HomeTechnologyNASA finds building blocks for life in Saturn's moons


The long-standing quest for aliens just got a big boost.

Scientists have discovered that phosphorus, a key building block of life, exists in the ocean beneath the icy surface of Saturn’s moon Enceladus.

The discovery was based on a review of data collected by NASA’s Cassini probe, and was published Wednesday in the leading journal Nature.

Cassini began exploring Saturn and its rings and moons in 2004, before burning up in the gas giant’s atmosphere when its mission ended in 2017.

“This is an amazing discovery for astronomy,” said Christopher Glenn of the Southwest Research Institute, one of the paper’s co-authors, adding: “We found abundant phosphorus in ice samples from the subsurface ocean. Quantity found.”

Geysers at Enceladus’ south pole spew icy particles into space through fissures in the surface, feeding Saturn’s E ring—the blur outside the bright central rings.

Scientists had previously found other minerals and organic compounds in the ice grains, but not phosphorus, which is an essential building block for DNA and RNA, and is essential for people, animals and even marine plankton. Also found in bones and teeth.

Simply put, life as we know it would not be possible without phosphorus.

While geochemical modeling had previously found it would contain phosphorus, and the prediction was published in an earlier paper, it’s one thing to predict something and another to confirm it, Glenn said. Is.
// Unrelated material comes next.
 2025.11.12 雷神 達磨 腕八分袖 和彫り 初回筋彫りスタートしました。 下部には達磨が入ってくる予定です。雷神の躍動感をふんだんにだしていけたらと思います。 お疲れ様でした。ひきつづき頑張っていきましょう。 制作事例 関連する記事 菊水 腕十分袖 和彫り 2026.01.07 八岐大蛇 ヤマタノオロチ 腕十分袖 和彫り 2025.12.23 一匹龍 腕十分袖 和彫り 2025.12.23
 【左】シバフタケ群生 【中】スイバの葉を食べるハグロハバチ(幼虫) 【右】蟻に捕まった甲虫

“This is the first time that this essential element has been discovered in an ocean outside of Earth,” first author Frank Postberg, a planetary scientist at Frei Universität Berlin, said in a NASA statement.

To make the new discovery, the authors combed through data collected by Cassini’s Cosmic Dust Analyzer instrument, and confirmed the results by conducting laboratory experiments to show that phosphorus in Enceladus’ ocean water. It exists within different forms of solution.
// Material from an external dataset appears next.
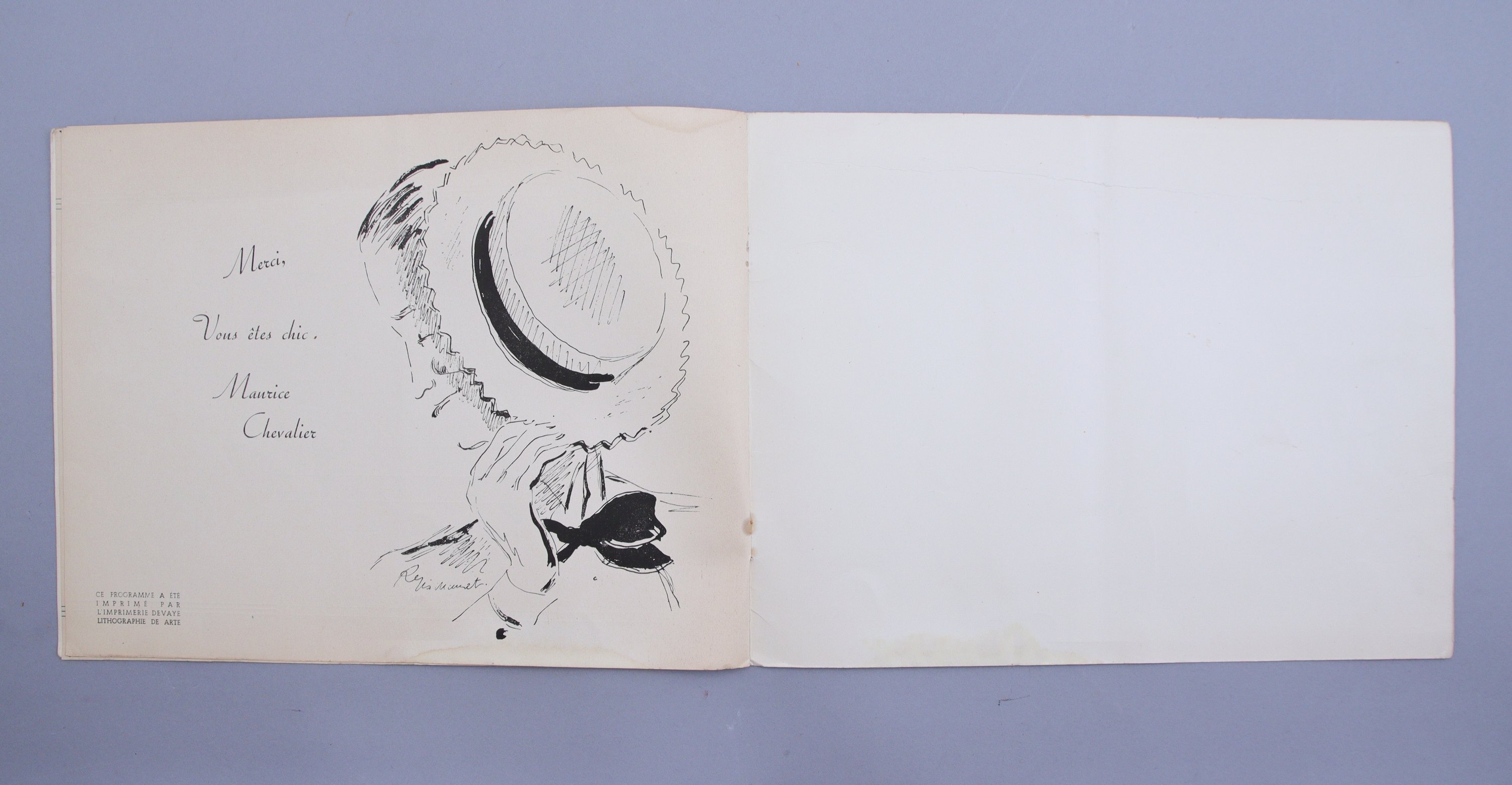 Lithographie en couleurs signée dans la planche, en couverture du programme de la grande soirée Maurice Chevalier le vendredi 14 août 1942 à Cannes.

Over the past 25 years, planetary scientists have discovered that worlds with oceans beneath the ice surface are common in our solar system.

These include Jupiter’s moon Europa, Saturn’s largest moon Titan, but an even more distant body, Pluto.
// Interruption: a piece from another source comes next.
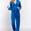 Faux Fur Zip Up Long Sleeve Hoodie and Joggers Set – Deep Blue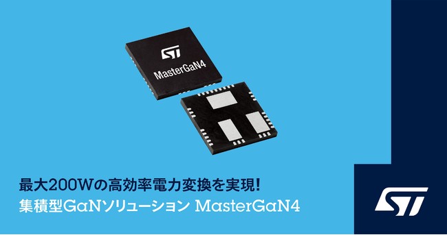 STマイクロエレクトロニクス(NYSE:STM、以下ST)は、シリコン・ベースのハーフブリッジ・ゲート・ドライバと、2つのGaN(窒化ガリウム)パワー・トラジスタを集積した世界初のシステム・イン・パッケージ(SiP)「MasterGaN(R)」の新製品「MasterGaN4」を発表しました。同製品は、225mΩのオン抵抗(RDS(on))を持つ2つの対称型650V耐圧GaN(窒化ガリウム)パワー・トランジスタ、ゲート・ドライバ、および保護回路を集積し、最大200Wの高効率電力変換アプリケーションの設計を簡略化します。

Although Earth-like planets with surface oceans need to maintain the right temperature for life within a narrow window of distance from their host star, the number of discoverable habitable bodies for worlds with subsurface oceans is limited. Increases that may be present.

“With this finding, Enceladus’ ocean is now known to support what is generally thought to be the most stringent requirement for life,” Glenn said.

“The next step is clear — we have to go back to Enceladus to see if a habitable ocean really exists.”